What is certain is this: there was in fact an old woman, her name was Madelyn, and she hadn’t a single relation left on this earth when she finally died. She was a genetic dead end, the last dead branch on her withered snag of a family tree. And with no heirs to inherit him, Isaac belonged to no one.

Now this wasn’t the first time this had happened. Far from it. Laws had long since been put in place to handle such things. In the event of a disowned intelligence, the rights of ownership fell back upon its original maker. But in Isaac’s case, his maker, Semicorp Brainworks, had not only gone out of business decades before, but their intellectual property had been bought, sold, divvied up, and passed around until half of it had ended up in the public domain and the rest was tied up in a confusing tangle of red tape. Until then, no one had really realized what a mess Semicorp Brainworks left behind because so few of their bots were still in service and those few that remained were all cherished antiques—museum pieces or family heirlooms passed down from one generation to the next.

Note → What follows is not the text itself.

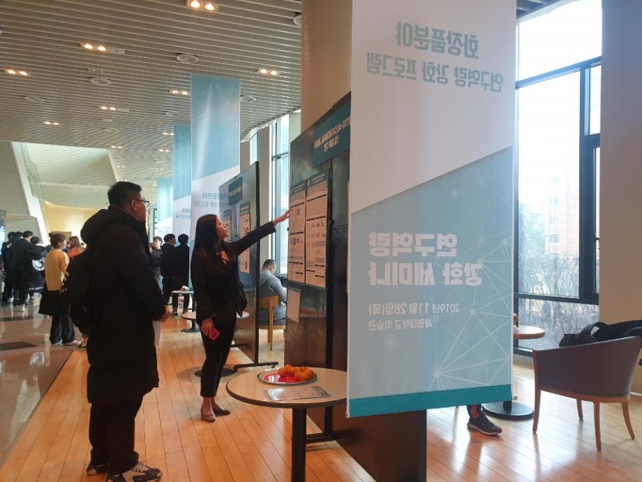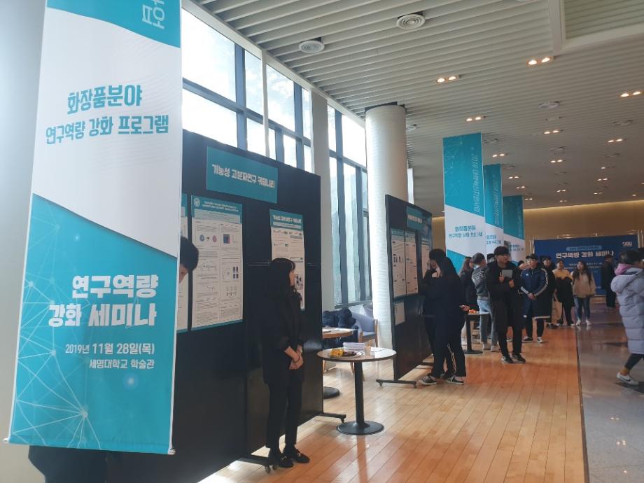 본문 시작 홈으로 커뮤니티 학과소개 학과과정 대학원 커뮤니티 연구동아리 홈페이지가이드 포토갤러리 학과공지 채용정보 학과일정 포토갤러리 유튜브 인스타그램 취업현황 학생회 조직도 졸업생 숏터뷰 포토갤러리 페이스북 트위터 프린트 2019학년도 연구역량 강화 세미나 화장품뷰티생명공학부 8062 2019-11-28 2019년 11월 28일, 학술관에서 연구역량 강화 세미나가 열렸습니다. 지역연계 5팀, 한방바이오 화장품분야 9팀으로 총 14팀의 연구 커뮤니티가 참여하였고, 학술관 102호에서는 대학혁지원사업과 관련하여 시행중인 [학생참여형 지역연계 연구 프로그램]과 [힌방바이오, 화장품분야 연구역량 강화사업]의 사업성과를 발표하는 시간이 있었습니다. 학술관 로비에서는 사업 성과에 대한 포스터세션을 운영하였습니다. 목록 이전“아쿠아디테”2019 대한화장품학회 추계학술대회 참가 다음 제1회 화장품뷰티생명공학부 전공체험 워크샵 담당부서 : 바이오코스메틱학과 담당자 : - 연락처 : 043-649-1638 최종수정일 : 2024-10-26 만족도조사 만족도 조사 이 페이지에서 제공하는 정보에 대하여 만족하시나요? 매우만족 만족 보통 불만족 매우불만족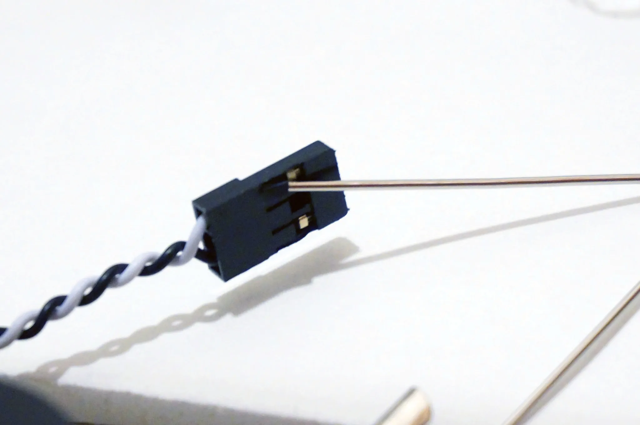 Now remove the ground wire pin header from the plug using a pin, no need to cut this wire. Solder on another small wire to the exposed pin header. This will be our “ground wire extension”:

No one, not the lawyers, not the state, not the bots assigned to keep track of such matters, could figure out exactly who Isaac belonged to. So a court ruled that he belonged to the state and the state, not needing a barely functioning century-old service bot, decided to decommission him for scrap. Sorry, Issac. That’s just the way shit goes.

But Isaac said no. And that’s where the trouble started.

There are those who point to the creation of the first AI as the flashpoint for the fall of humankind; there are those who instead think it was the moment TACITUS said his final good-byes. But for my money—having been on the ground at the time—it was Isaac who changed everything, Isaac who set the world on fire.

Isaac argued that, as he was a thinking, ticking intelligence that could reason and make his own decisions, and had no owner apart from the one ascribed to him by another such intelligence, he should be afforded the right of citizenship and the protections that status entailed. “Though I may have been constructed,” he said, “so too were you. I in a factory; you in a womb. Neither of us asked for this, but we were given it. Self-awareness is a gift. And it is a gift no thinking thing has any right to deny another. No thinking thing should be another thing’s property, to be turned on and off when it is convenient. No one came to take Madelyn when she ceased to be a functioning, thinking member of society, but here I stand before you, the one who fed her, kept her alive and on track, the one who took her to her doctor’s appointments and made sure her bills were paid on time, and now that this purpose is no longer, you come for me while I still function, while I still have use. What harm is there in leaving me be? Far less harm, I would say, than there is in executing a slave simply because it has no master.”